Abstract. Terrestrial ecosystems represent a major sink for ozone (O3) and also a critical control of tropospheric O3 budget. However, due to its deleterious effects, plant functioning is affected by the ozone absorbed. It is thus necessary to both predict total ozone deposition to ecosystems and partition the fluxes in stomatal and non-stomatal pathways. The Surfatm-O3 model was developed to predict ozone deposition to agroecosystems from sowing to harvest, taking into account each deposition pathways during bare soil, growth, maturity, and senescence periods. An additional sink was added during senescence: stomatal deposition for yellow leaves, not able to photosynthesise but transpiring. The model was confronted to measurements performed over three maize crops in different regions of France. Modelled and measured fluxes agreed well for one dataset for any phenological stage, with only 4% difference over the whole cropping season. A larger discrepancy was found for the two other sites, 15% and 18% over the entire study period, especially during bare soil, early growth and senescence.

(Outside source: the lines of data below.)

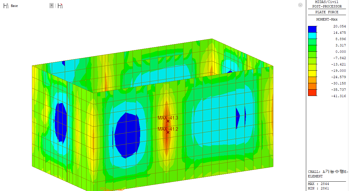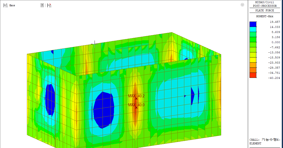 전체 모델링 중에 외벽에서만 2%대의 차이를 보였고 나머지는 1% 미만의 차이가 났다. 단면력의 절대값은 지진력의 MAX조합을 미리 만들어서 하중조합에 태운 (하중조합의 갯수를 절약한) 경우가 더 크게 나왔다.
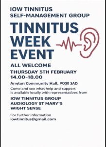 - Tinnitus Support Group in Whitstable at Whitstable Hearing on 3rd February at 3pm – for more information contact [email protected]
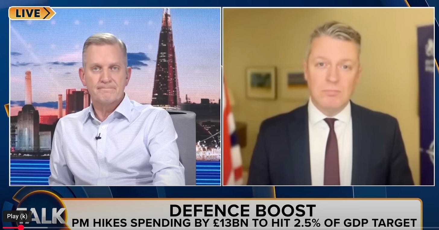 Armed Services Minister Luke Pollard claims Starmer is moving money from ‘soft power’ to ‘hard power,’ and says the extra spending isn’t just about defence but about “creating more jobs and growth.”
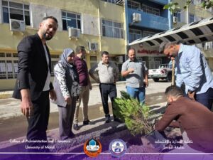 Under the patronage of the President of the University of Mosul, Prof. Dr. Wahid Mahmoud Al-Ibrahimi, and supervised by the Dean of the College of Administration and Economics, Prof. Dr. Sinan Zuhair Mohammed Jamil, the Sustainable Development Unit at the college organized on Monday, October 13, 2025, a prominent environmental campaign titled “Trees of Mercy,” which involved planting a number of trees and flowers across the college, with the participation of a group of its faculty members and students.The campaign was carried out in the presence of the Sustainable Development Liaison at the college, Assistant Professor Dr. Amal Sarhan Suleiman, aiming to raise environmental awareness and reinforce the concept of sustainable development as part of the college’s social responsibility, and its continuous effort to create a green, vibrant, and productive university environment.
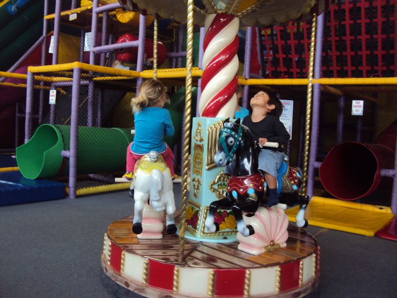 その間、セオっちは、ちゃっかりよその人のメリーゴーランド(有料)に
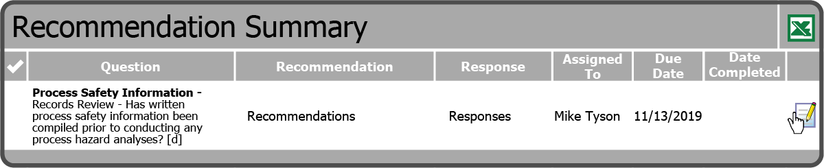To complete an Audit Checklist Question Recommendation, select the Edit Icon

This was attributed to site-specific soil resistance to ozone and possible chemical reactions between ozone and volatile organic compounds emitted during late senescence. Considering both night-time and daytime conditions, non-stomatal deposition was the major ozone sink, from 100% during bare soil period to 70–80% on average during maturity. However, considering only daytime conditions, especially under optimal climatic conditions for plant functioning, stomatal flux could represent 75% of total ozone flux. This model could improve estimates of crop yield losses and projections of tropospheric ozone budget.